**Given entries**
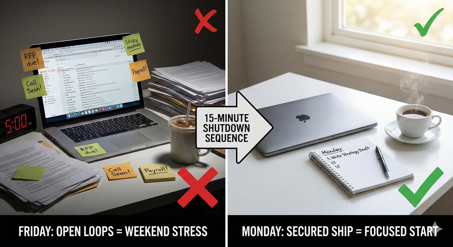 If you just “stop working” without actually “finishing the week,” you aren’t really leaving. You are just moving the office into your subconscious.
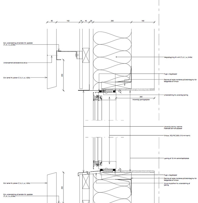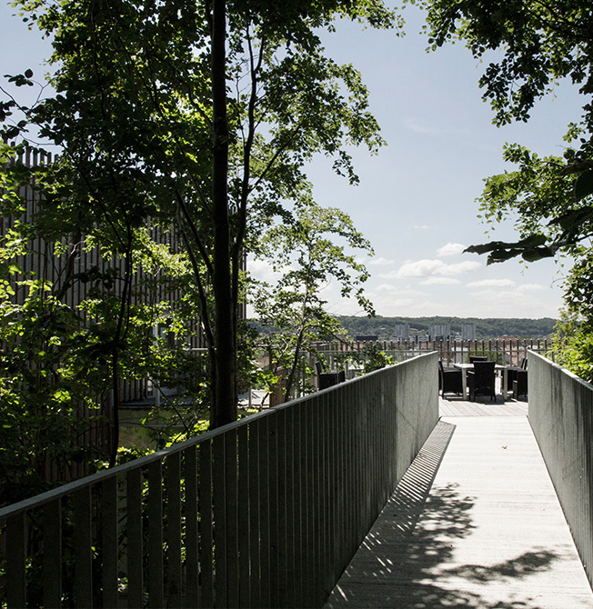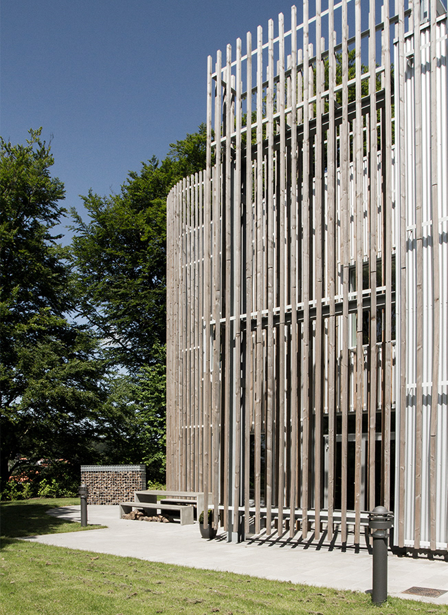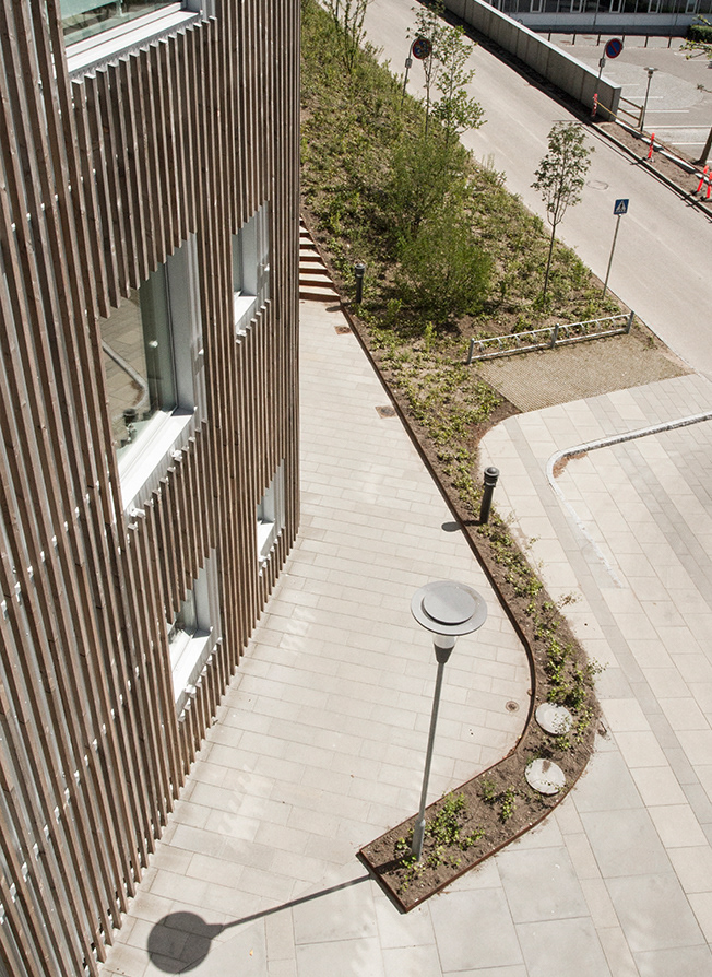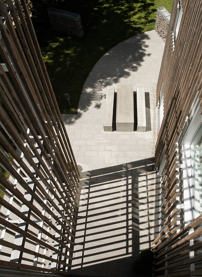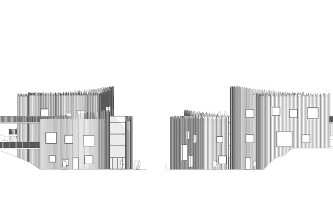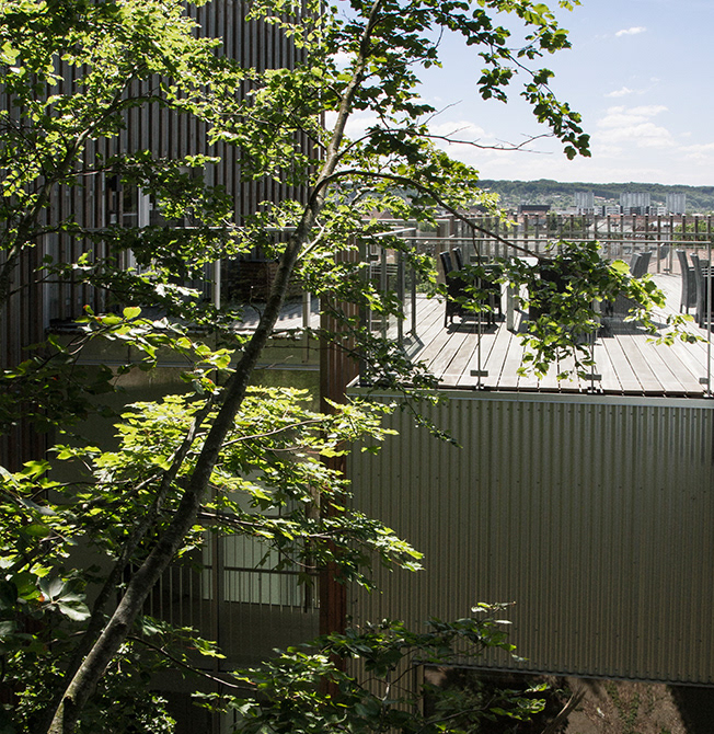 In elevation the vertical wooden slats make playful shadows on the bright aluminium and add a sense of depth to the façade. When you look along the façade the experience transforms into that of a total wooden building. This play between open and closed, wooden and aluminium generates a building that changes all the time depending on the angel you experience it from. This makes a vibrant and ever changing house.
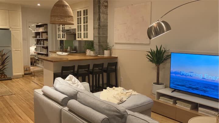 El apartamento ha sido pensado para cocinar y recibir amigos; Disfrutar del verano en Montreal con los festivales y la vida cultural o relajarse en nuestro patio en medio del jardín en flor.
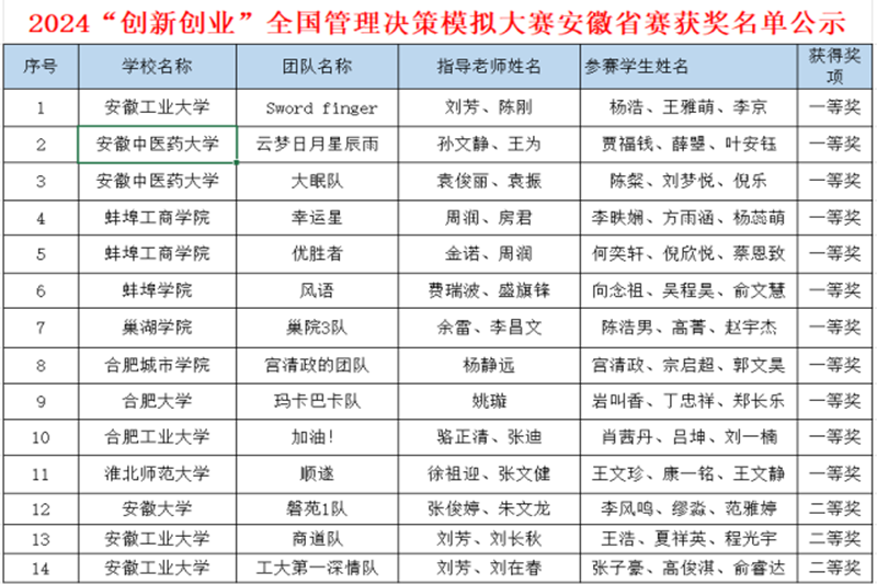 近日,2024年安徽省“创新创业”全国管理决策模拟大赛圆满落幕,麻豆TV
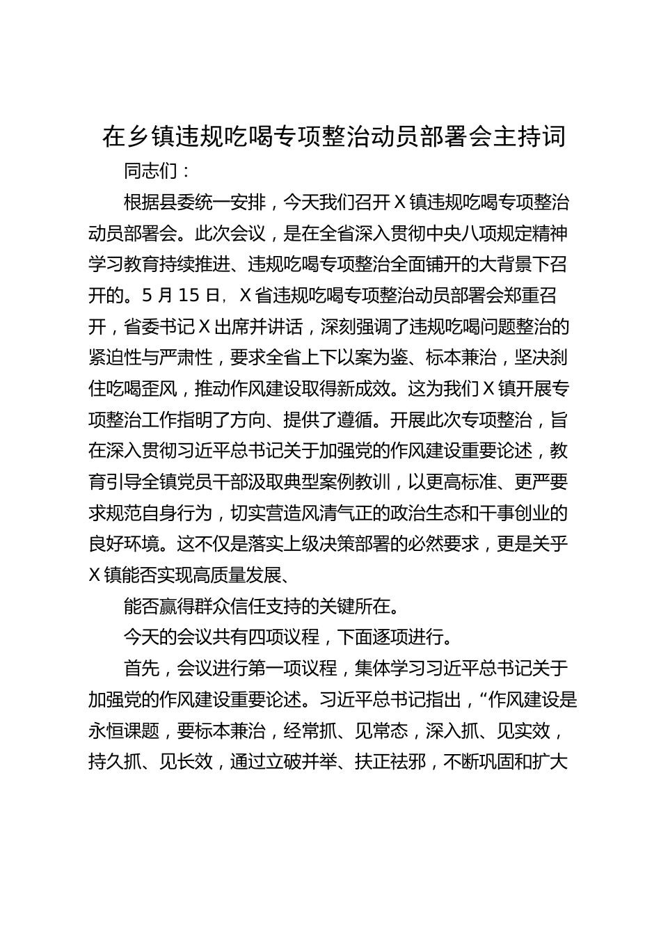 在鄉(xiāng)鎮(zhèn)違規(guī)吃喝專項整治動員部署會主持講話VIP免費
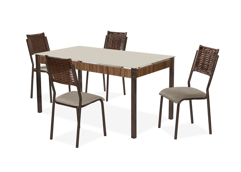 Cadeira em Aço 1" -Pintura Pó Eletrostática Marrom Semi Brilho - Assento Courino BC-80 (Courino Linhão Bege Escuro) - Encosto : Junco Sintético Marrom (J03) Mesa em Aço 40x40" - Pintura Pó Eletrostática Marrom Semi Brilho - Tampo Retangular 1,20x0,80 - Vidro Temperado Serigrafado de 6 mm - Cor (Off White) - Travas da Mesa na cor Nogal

**Exercise instructions**
Exactly as given, set down each line of the material, but include no pictures.

**Written answer**
 If you just “stop working” without actually “finishing the week,” you aren’t really leaving. You are just moving the office into your subconscious.
 In elevation the vertical wooden slats make playful shadows on the bright aluminium and add a sense of depth to the façade. When you look along the façade the experience transforms into that of a total wooden building. This play between open and closed, wooden and aluminium generates a building that changes all the time depending on the angel you experience it from. This makes a vibrant and ever changing house.
 El apartamento ha sido pensado para cocinar y recibir amigos; Disfrutar del verano en Montreal con los festivales y la vida cultural o relajarse en nuestro patio en medio del jardín en flor.
 近日,2024年安徽省“创新创业”全国管理决策模拟大赛圆满落幕,麻豆TV
 在鄉(xiāng)鎮(zhèn)違規(guī)吃喝專項整治動員部署會主持講話VIP免費
 Cadeira em Aço 1" -Pintura Pó Eletrostática Marrom Semi Brilho - Assento Courino BC-80 (Courino Linhão Bege Escuro) - Encosto : Junco Sintético Marrom (J03) Mesa em Aço 40x40" - Pintura Pó Eletrostática Marrom Semi Brilho - Tampo Retangular 1,20x0,80 - Vidro Temperado Serigrafado de 6 mm - Cor (Off White) - Travas da Mesa na cor Nogal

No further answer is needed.